Would you reproduce each of the records below precisely, with the pictures left out?

* Material for this exercise *
⁂
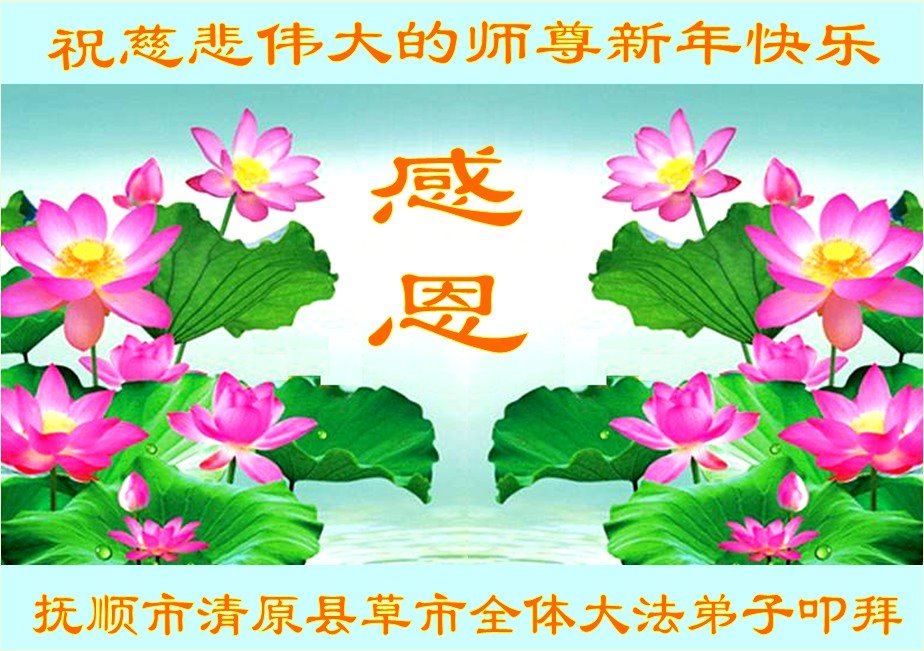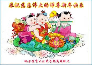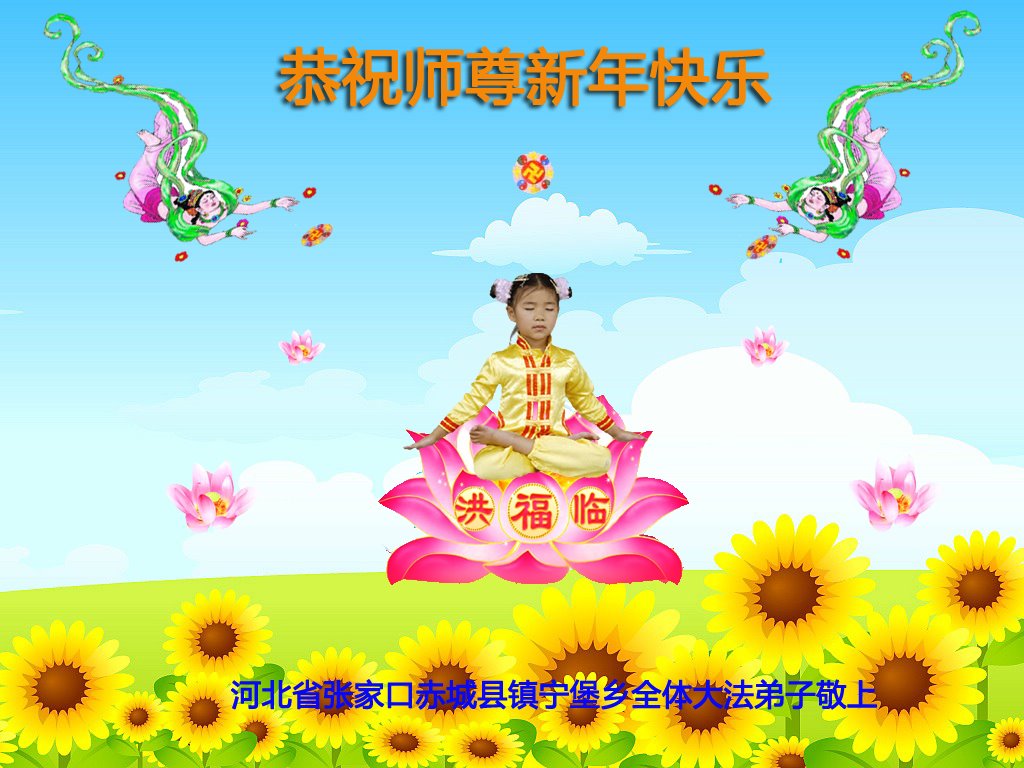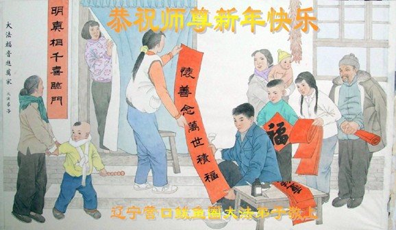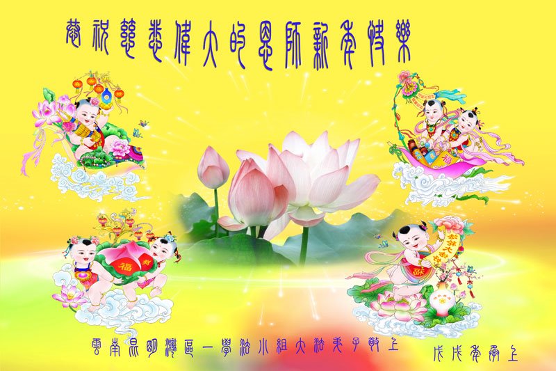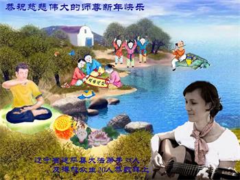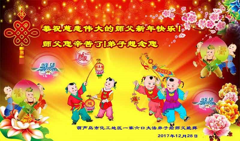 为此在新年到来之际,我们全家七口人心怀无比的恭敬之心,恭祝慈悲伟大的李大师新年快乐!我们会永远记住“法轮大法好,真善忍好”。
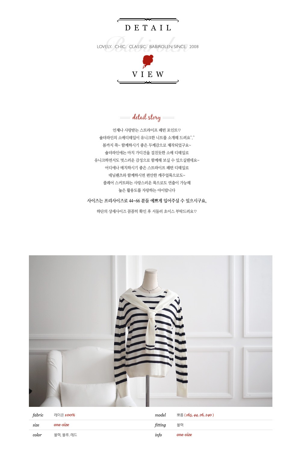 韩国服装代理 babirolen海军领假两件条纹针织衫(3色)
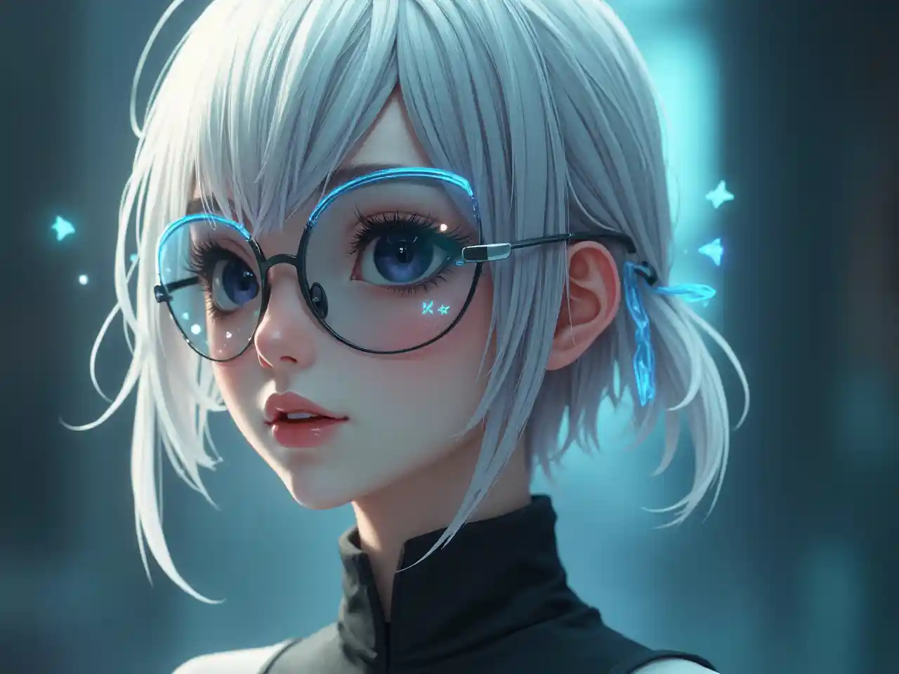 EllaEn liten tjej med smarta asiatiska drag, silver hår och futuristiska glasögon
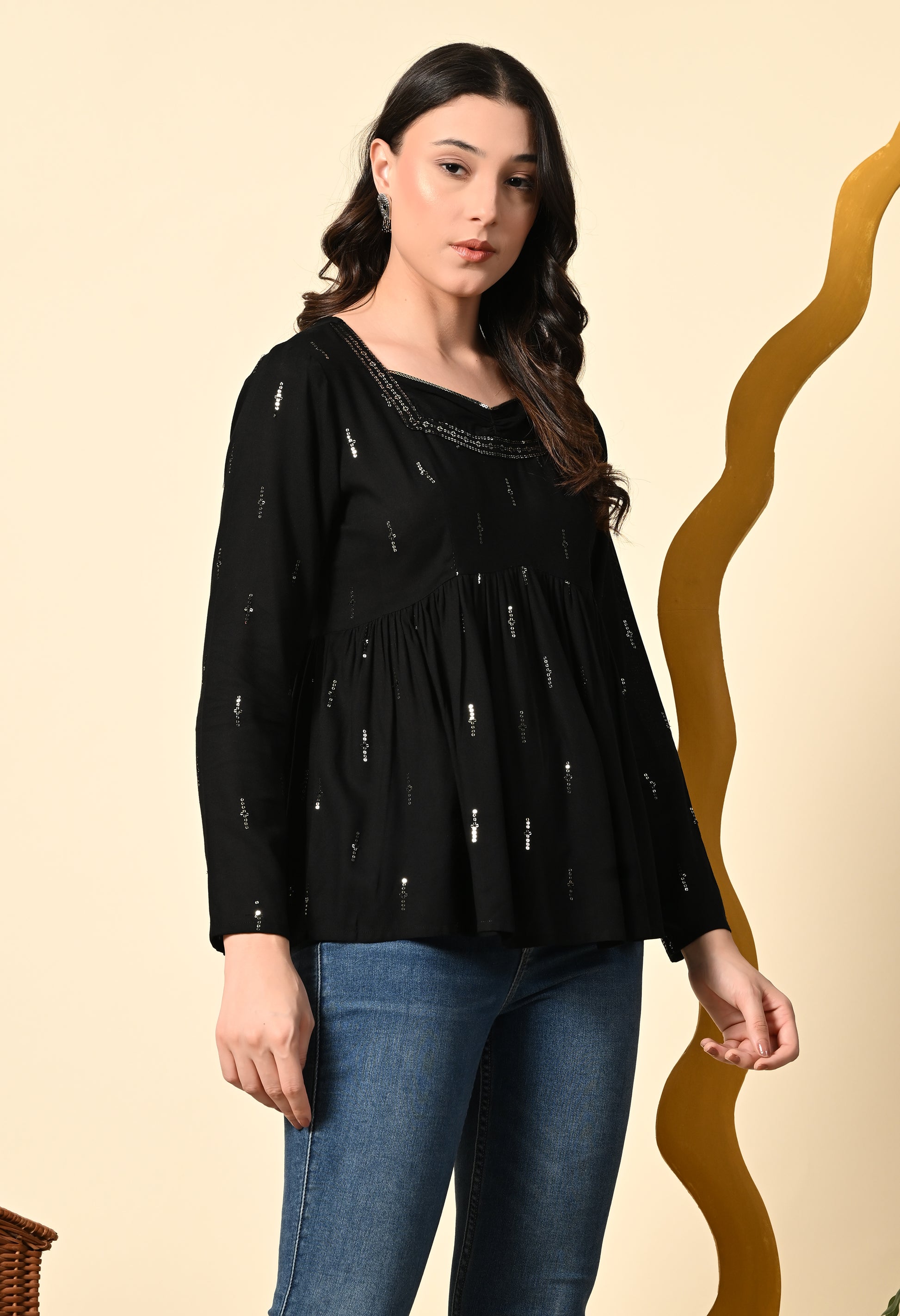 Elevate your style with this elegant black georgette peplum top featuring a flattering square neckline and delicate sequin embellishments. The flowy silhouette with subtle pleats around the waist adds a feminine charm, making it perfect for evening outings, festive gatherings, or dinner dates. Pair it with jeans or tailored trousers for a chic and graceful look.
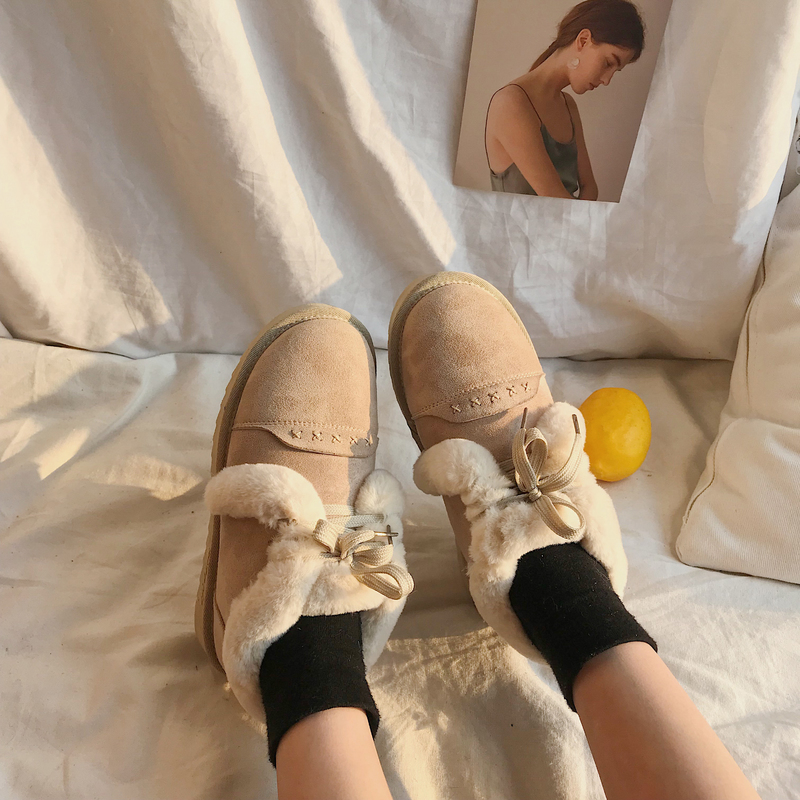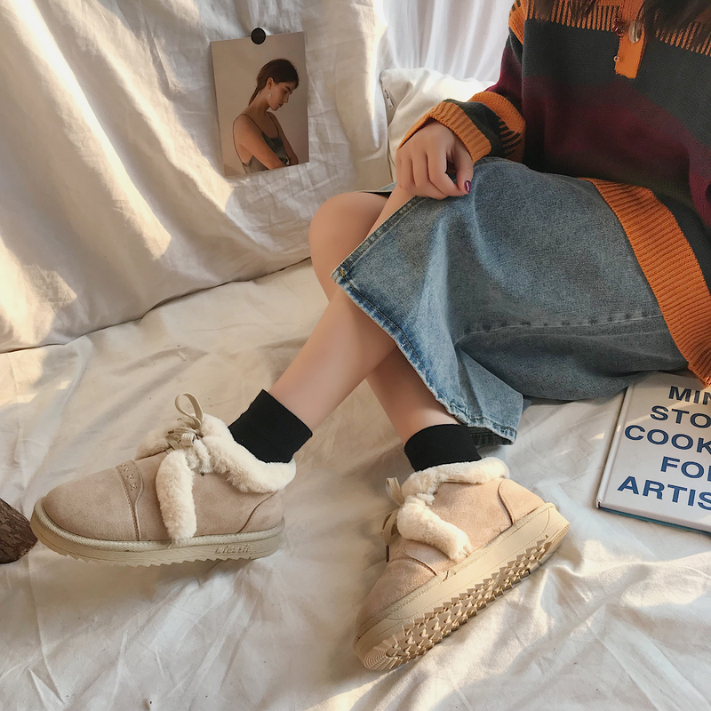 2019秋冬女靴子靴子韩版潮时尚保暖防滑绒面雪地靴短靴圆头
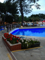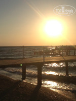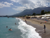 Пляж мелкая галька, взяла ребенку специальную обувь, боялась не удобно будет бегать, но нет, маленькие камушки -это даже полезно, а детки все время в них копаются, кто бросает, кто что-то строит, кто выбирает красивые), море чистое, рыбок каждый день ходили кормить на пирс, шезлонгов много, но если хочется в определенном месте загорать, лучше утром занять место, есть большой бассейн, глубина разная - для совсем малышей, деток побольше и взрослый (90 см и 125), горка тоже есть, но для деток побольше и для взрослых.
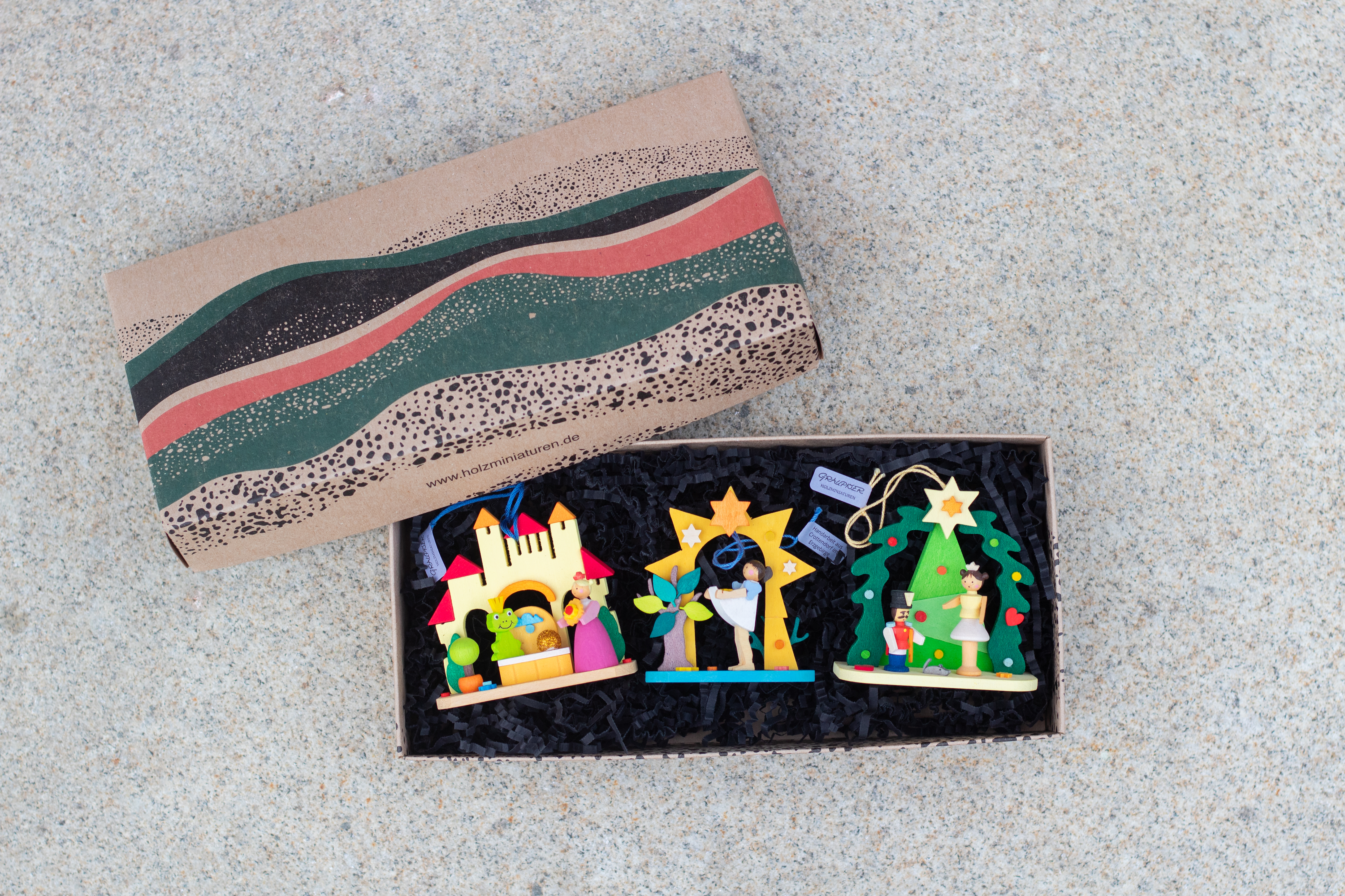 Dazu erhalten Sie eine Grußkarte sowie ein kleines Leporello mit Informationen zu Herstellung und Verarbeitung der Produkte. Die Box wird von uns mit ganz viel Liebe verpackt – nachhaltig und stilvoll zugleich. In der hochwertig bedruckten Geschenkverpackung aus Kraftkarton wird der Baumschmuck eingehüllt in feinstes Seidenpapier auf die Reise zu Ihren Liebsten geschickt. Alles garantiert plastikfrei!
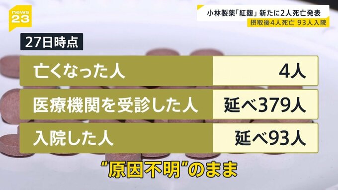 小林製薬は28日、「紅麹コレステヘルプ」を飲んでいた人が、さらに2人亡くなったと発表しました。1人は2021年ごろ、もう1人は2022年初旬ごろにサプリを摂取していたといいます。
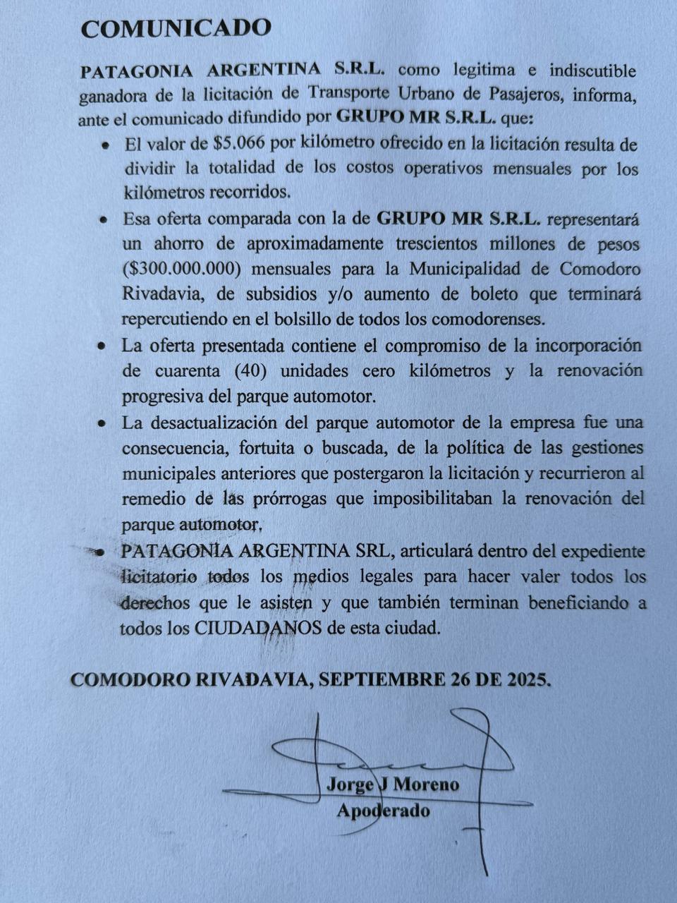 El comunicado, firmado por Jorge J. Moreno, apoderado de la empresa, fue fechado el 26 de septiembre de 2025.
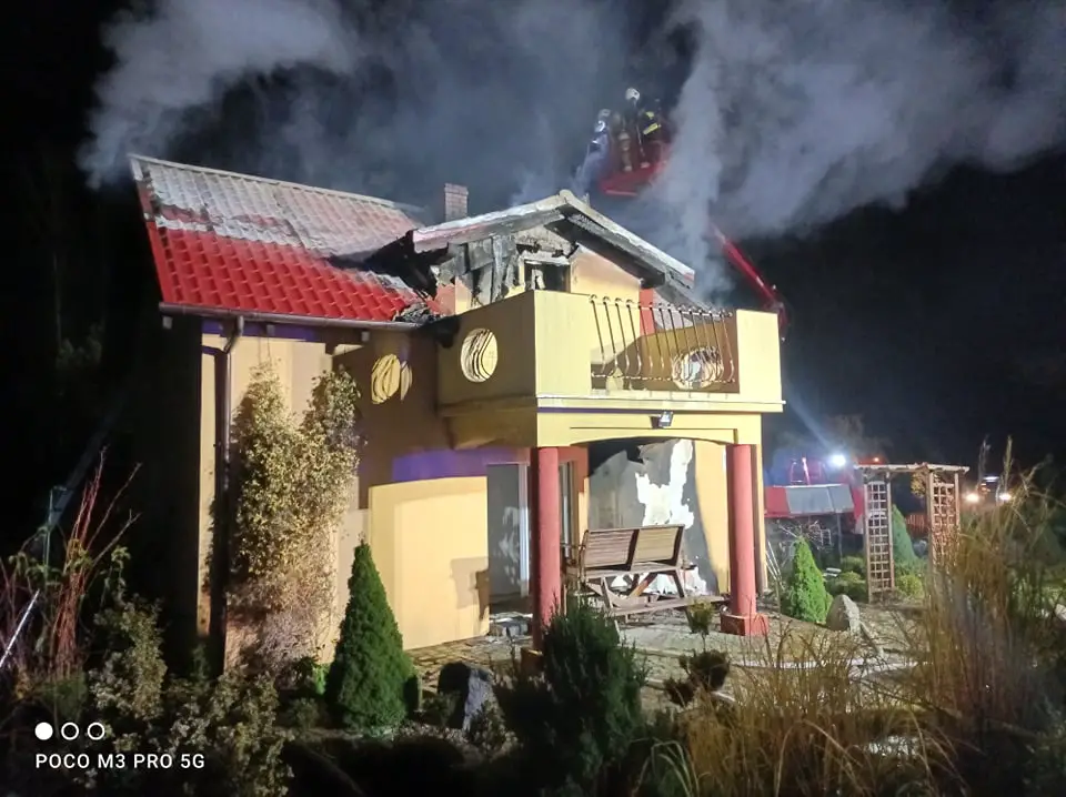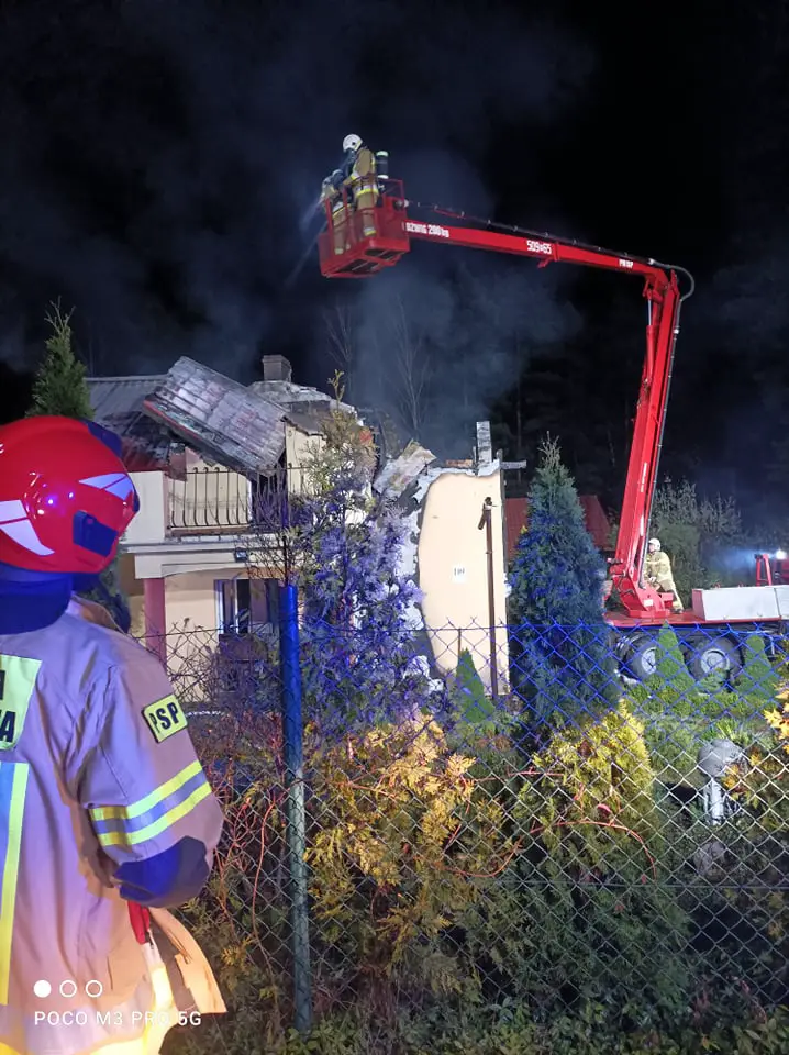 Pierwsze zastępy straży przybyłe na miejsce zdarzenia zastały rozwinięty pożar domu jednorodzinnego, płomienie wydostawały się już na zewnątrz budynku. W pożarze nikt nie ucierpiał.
⁂
* Solution below *
 为此在新年到来之际,我们全家七口人心怀无比的恭敬之心,恭祝慈悲伟大的李大师新年快乐!我们会永远记住“法轮大法好,真善忍好”。
 韩国服装代理 babirolen海军领假两件条纹针织衫(3色)
 EllaEn liten tjej med smarta asiatiska drag, silver hår och futuristiska glasögon
 Elevate your style with this elegant black georgette peplum top featuring a flattering square neckline and delicate sequin embellishments. The flowy silhouette with subtle pleats around the waist adds a feminine charm, making it perfect for evening outings, festive gatherings, or dinner dates. Pair it with jeans or tailored trousers for a chic and graceful look.
 2019秋冬女靴子靴子韩版潮时尚保暖防滑绒面雪地靴短靴圆头
 Пляж мелкая галька, взяла ребенку специальную обувь, боялась не удобно будет бегать, но нет, маленькие камушки -это даже полезно, а детки все время в них копаются, кто бросает, кто что-то строит, кто выбирает красивые), море чистое, рыбок каждый день ходили кормить на пирс, шезлонгов много, но если хочется в определенном месте загорать, лучше утром занять место, есть большой бассейн, глубина разная - для совсем малышей, деток побольше и взрослый (90 см и 125), горка тоже есть, но для деток побольше и для взрослых.
 Dazu erhalten Sie eine Grußkarte sowie ein kleines Leporello mit Informationen zu Herstellung und Verarbeitung der Produkte. Die Box wird von uns mit ganz viel Liebe verpackt – nachhaltig und stilvoll zugleich. In der hochwertig bedruckten Geschenkverpackung aus Kraftkarton wird der Baumschmuck eingehüllt in feinstes Seidenpapier auf die Reise zu Ihren Liebsten geschickt. Alles garantiert plastikfrei!
 小林製薬は28日、「紅麹コレステヘルプ」を飲んでいた人が、さらに2人亡くなったと発表しました。1人は2021年ごろ、もう1人は2022年初旬ごろにサプリを摂取していたといいます。
 El comunicado, firmado por Jorge J. Moreno, apoderado de la empresa, fue fechado el 26 de septiembre de 2025.
 Pierwsze zastępy straży przybyłe na miejsce zdarzenia zastały rozwinięty pożar domu jednorodzinnego, płomienie wydostawały się już na zewnątrz budynku. W pożarze nikt nie ucierpiał.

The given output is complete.